# WHAT NEEDS TO BE DONE:
Nothing but the text should be carried over: reproduce all the data exactly and leave out every image.

# GIVEN DATA:
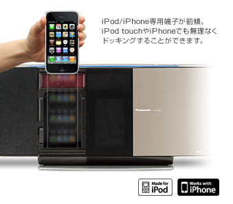Open the “door” to find a dock in which you can put your iPhone or iPod, which you can then control remotely (Panasonic calls this “Direct Docking”). You can also take your Apple player into your hand, choose what you want to hear and listen to the music through the D-Dock speaker. The device supports the iPhone 3G and 3GS plus the iPod, iPod classic, touch, nano, and mini (various generations).
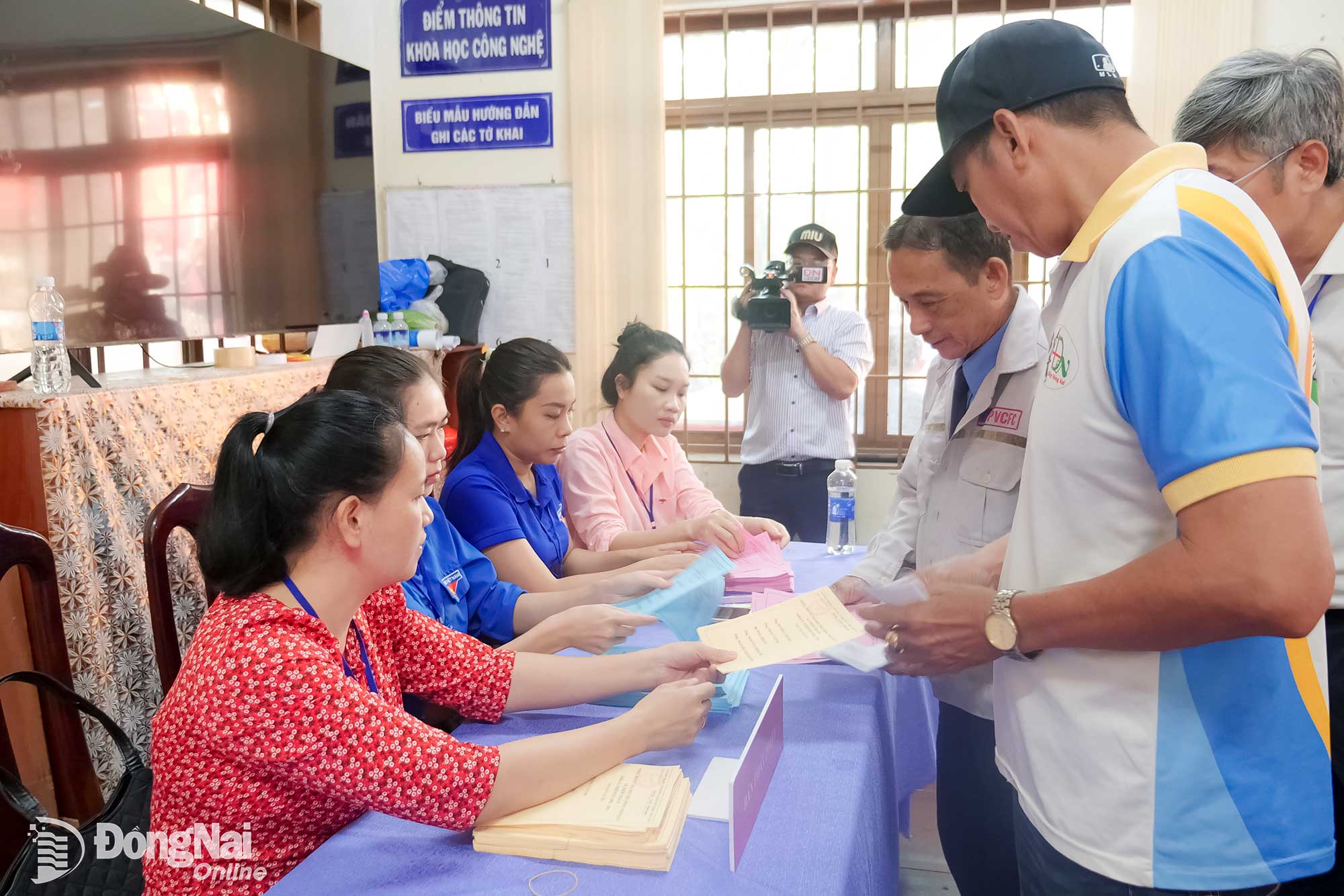 Cử tri nhận phiếu bầu. Ảnh: Hạnh Dung
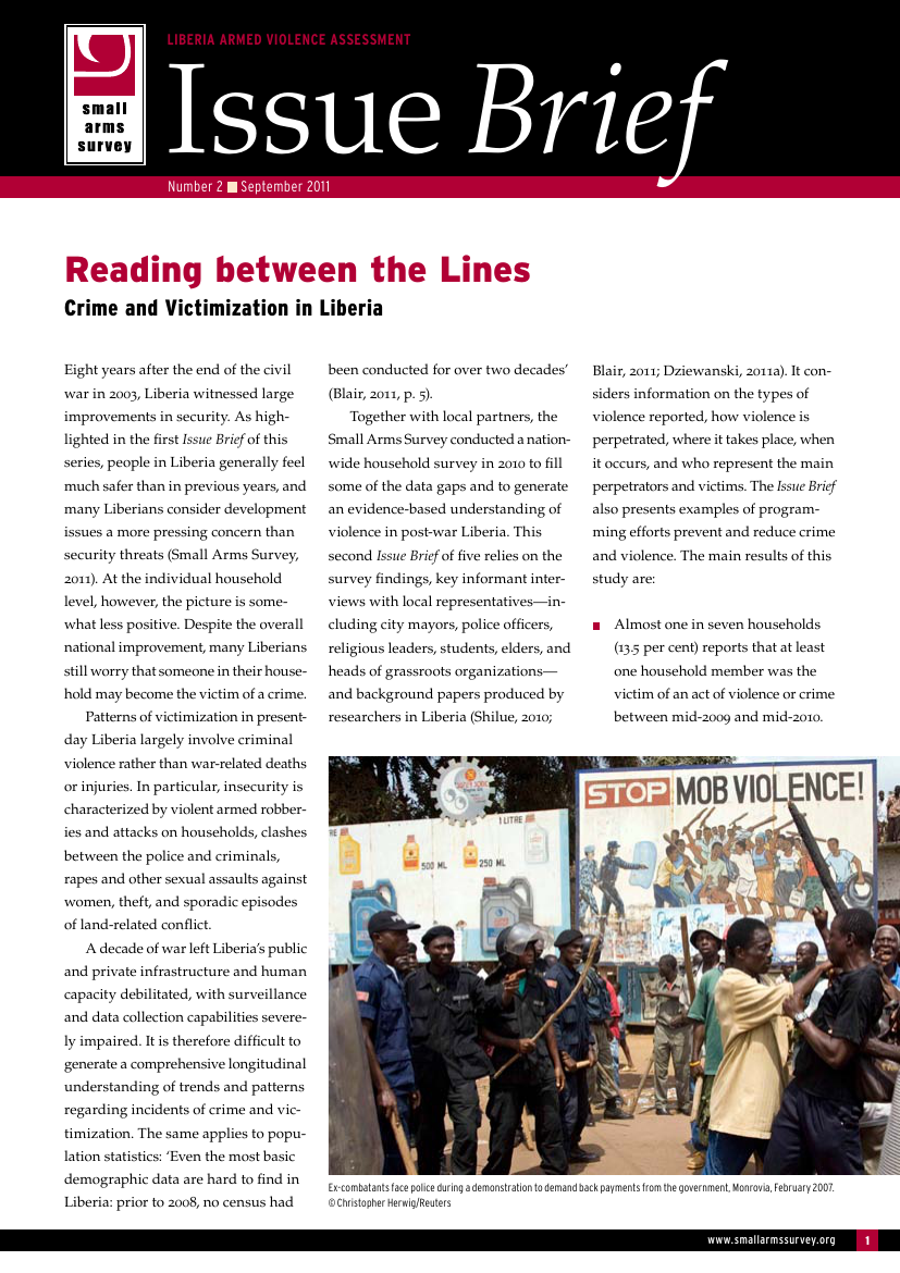 Together with local partners, the Small Arms Survey conducted a nationwide household survey in 2010 to fill some of the data gaps and to generate an evidence-based understanding of violence in post-war Liberia. This second Issue Brief of five relies on the survey findings, key informant interviews with local representatives—including city mayors, police officers, religious leaders, students, elders, and heads of grassroots organizations— and background papers produced by researchers in Liberia (Shilue, 2010; Blair, 2011; Dziewanski, 2011a). It considers information on the types of violence reported, how violence is perpetrated, where it takes place, when it occurs, and who represent the main perpetrators and victims. Reading between the Lines: Crime and Victimization in Liberia also presents examples of programming efforts prevent and reduce crime and violence.
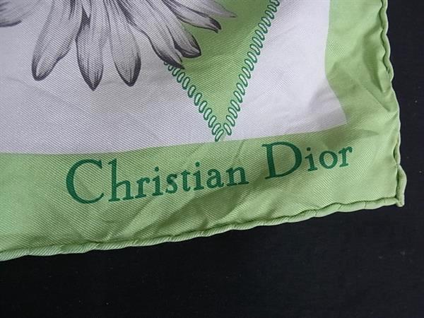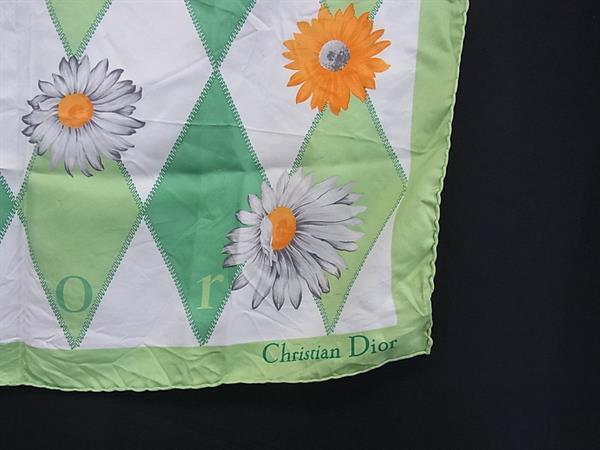 ChristianDior ディオール フラワー 花柄 スカーフ ハンカチーフ ポケットチーフ グリーン系×マルチカラー DJ5769

# WRITTEN SOLUTION:
Open the “door” to find a dock in which you can put your iPhone or iPod, which you can then control remotely (Panasonic calls this “Direct Docking”). You can also take your Apple player into your hand, choose what you want to hear and listen to the music through the D-Dock speaker. The device supports the iPhone 3G and 3GS plus the iPod, iPod classic, touch, nano, and mini (various generations).
 Cử tri nhận phiếu bầu. Ảnh: Hạnh Dung
 Together with local partners, the Small Arms Survey conducted a nationwide household survey in 2010 to fill some of the data gaps and to generate an evidence-based understanding of violence in post-war Liberia. This second Issue Brief of five relies on the survey findings, key informant interviews with local representatives—including city mayors, police officers, religious leaders, students, elders, and heads of grassroots organizations— and background papers produced by researchers in Liberia (Shilue, 2010; Blair, 2011; Dziewanski, 2011a). It considers information on the types of violence reported, how violence is perpetrated, where it takes place, when it occurs, and who represent the main perpetrators and victims. Reading between the Lines: Crime and Victimization in Liberia also presents examples of programming efforts prevent and reduce crime and violence.
 ChristianDior ディオール フラワー 花柄 スカーフ ハンカチーフ ポケットチーフ グリーン系×マルチカラー DJ5769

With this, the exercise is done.